Fujita Health University in Toyoake, Aichi Prefecture, is partnering with Toyota Motor Corp. to open a Robotic Smart Home — a base for nursing robots at the Toyoake apartment complex — next spring.
As the nation approaches a “superaging” society when the baby boomer generation turns 75 years old and above, the project aims to develop small robots that can be easily installed in small Japanese houses, with the cooperation of residents.
The Toyoake housing complex opened in 1971 and currently has some 4,500 residents. But 45 years after its completion, the facility’s occupants are now predominantly elderly with 26.2 percent aged over 65.
In 2014, the university signed a comprehensive agreement on nursing care and medical services with the city of Toyoake and the Urban Renaissance Agency.
Based on the agreement, the university opened the Fujita Machikado clinic within the complex to provide group exercise classes as part of preventive care. It also encourages its students to live in vacant rooms at the complex and interact with the residents.
The nursing robot project, meanwhile, started with the aim of supporting elderly people living in their own homes.
By next spring, the complex’s meeting room will be renovated into a 75-sq.-meter showroom that replicates one of its living rooms.
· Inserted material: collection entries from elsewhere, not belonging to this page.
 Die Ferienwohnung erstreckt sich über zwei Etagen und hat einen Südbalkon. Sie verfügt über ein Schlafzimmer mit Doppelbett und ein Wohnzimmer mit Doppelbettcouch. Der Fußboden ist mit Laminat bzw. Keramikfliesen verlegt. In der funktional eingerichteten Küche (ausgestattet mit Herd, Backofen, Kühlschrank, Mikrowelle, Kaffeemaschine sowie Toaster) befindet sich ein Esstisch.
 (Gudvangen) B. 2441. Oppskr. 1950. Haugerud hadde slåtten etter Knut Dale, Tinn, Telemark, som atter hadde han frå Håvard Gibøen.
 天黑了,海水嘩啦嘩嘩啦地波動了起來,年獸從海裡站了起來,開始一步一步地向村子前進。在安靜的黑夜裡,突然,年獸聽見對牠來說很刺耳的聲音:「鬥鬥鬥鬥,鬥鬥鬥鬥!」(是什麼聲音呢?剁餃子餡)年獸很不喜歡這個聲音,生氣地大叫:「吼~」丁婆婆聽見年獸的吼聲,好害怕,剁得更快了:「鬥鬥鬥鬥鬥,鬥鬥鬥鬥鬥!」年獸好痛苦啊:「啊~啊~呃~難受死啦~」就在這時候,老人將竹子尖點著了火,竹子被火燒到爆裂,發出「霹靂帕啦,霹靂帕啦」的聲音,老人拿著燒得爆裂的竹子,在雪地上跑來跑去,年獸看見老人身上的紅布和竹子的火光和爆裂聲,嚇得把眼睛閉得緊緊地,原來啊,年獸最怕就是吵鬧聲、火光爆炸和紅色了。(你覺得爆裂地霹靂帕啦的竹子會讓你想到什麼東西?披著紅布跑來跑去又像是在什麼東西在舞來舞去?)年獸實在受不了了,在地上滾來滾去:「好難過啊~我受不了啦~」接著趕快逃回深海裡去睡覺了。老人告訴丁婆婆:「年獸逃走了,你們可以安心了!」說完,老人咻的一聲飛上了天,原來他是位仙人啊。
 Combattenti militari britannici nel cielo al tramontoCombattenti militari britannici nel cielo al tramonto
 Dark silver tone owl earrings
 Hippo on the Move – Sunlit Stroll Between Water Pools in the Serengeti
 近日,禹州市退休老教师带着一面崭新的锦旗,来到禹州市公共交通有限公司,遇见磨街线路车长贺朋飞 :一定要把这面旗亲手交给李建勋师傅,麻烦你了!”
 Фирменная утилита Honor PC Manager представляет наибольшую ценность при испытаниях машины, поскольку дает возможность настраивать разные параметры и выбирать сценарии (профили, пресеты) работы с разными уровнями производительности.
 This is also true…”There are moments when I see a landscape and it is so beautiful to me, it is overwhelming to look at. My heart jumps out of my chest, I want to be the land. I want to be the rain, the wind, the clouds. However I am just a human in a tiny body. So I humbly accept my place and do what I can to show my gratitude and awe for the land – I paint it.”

The university, together with Toyota and Moritoh Corp., a nursing care lift manufacturer in Ichinomiya, Aichi Prefecture, will focus on developing robots that can assist people in moving within the house or using a toilet, the kind of help often requested by elderly people receiving nursing care at home.
To be displayed at the showroom will be robots that can perform activities such as getting drinks and opening a curtain, as well as a system that allows people to participate in exercise classes remotely via a TV screen.
Elderly residents will be invited to the showroom to try using the robots starting in fall 2017, and the project team will clarify issues that need to be resolved before putting the devices on the market.
“Most of the nursing robots available now are large and not very suitable to move around in small houses,” said Eiichi Saito, vice president of the university. Saito, who is in charge of the project, has also collaborated with Toyota in the past in developing robots for rehabilitation and walking assistance.
“We want to build a nursing robot and a living space where elderly people can live comfortably,” he said.
This section, appearing Tuesdays, features topics and issues from the Chubu region covered by the Chunichi Shimbun. The original article was published on June 17.